# Socializing with Tip and Tiny at Two Weeks



## aliceinwonderland (Dec 17, 2013)

Hi again folks! After losing Skip Friday, I'm pleased to say that Tip and Tiny are still doing well. Their eyes opened Sunday and it's too cute! They've also become quite active! I hold them against my chest when I check on them and Tip will scale right up my chest to nuzzle into my neck and hair. I sat Tiny on the bed to take a picture and before I could get it, she had zipped across the open space and snuggled into a blanket fold. 

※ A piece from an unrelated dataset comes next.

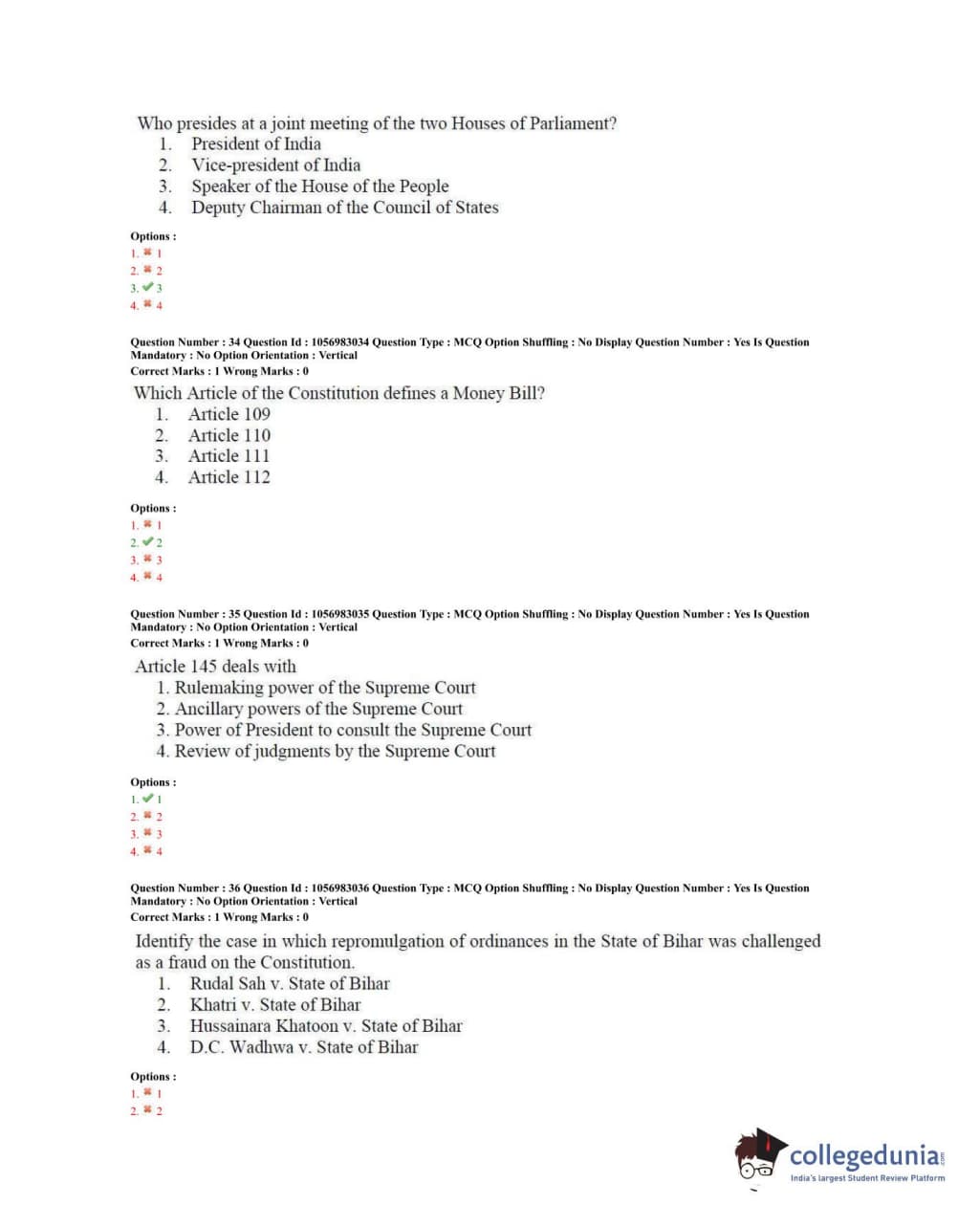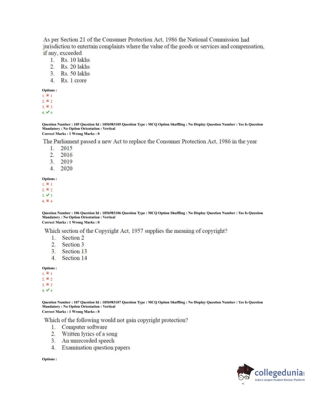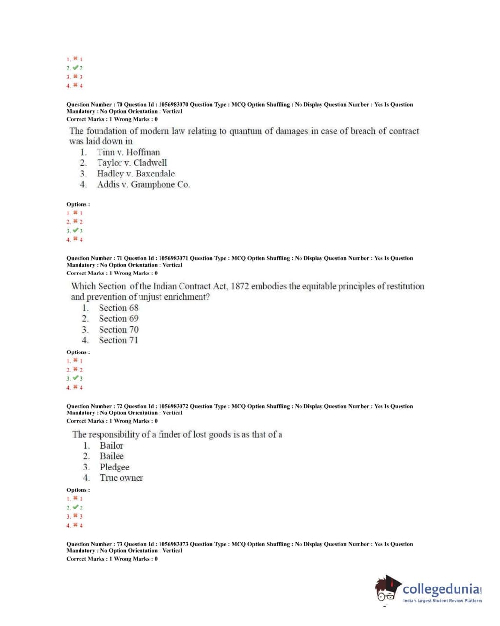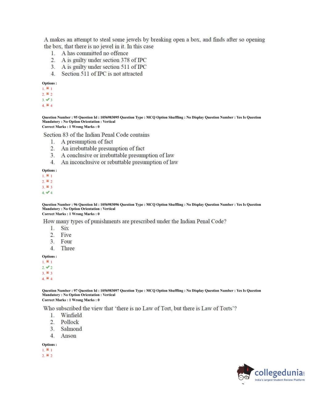 TS PGLCET 2020 LLM Question Paper with Answer Key PDFs Shift 2

Today is day sixteen for them by my count and I'm just wondering how much time I should be spending with them. If I had it my way, they'd be snuggled in my hoodie all day long but I know I can't keep them from Mamma that long. So far I've been limiting myself to about ten or fifteen minutes at a time. Is there anything in particular I should be exposing them to at this age or things I should start encouraging them to do? Can I start offering them baby food/other foods to begin the weaning process? Any and all advice on how to proceed henceforth is welcome!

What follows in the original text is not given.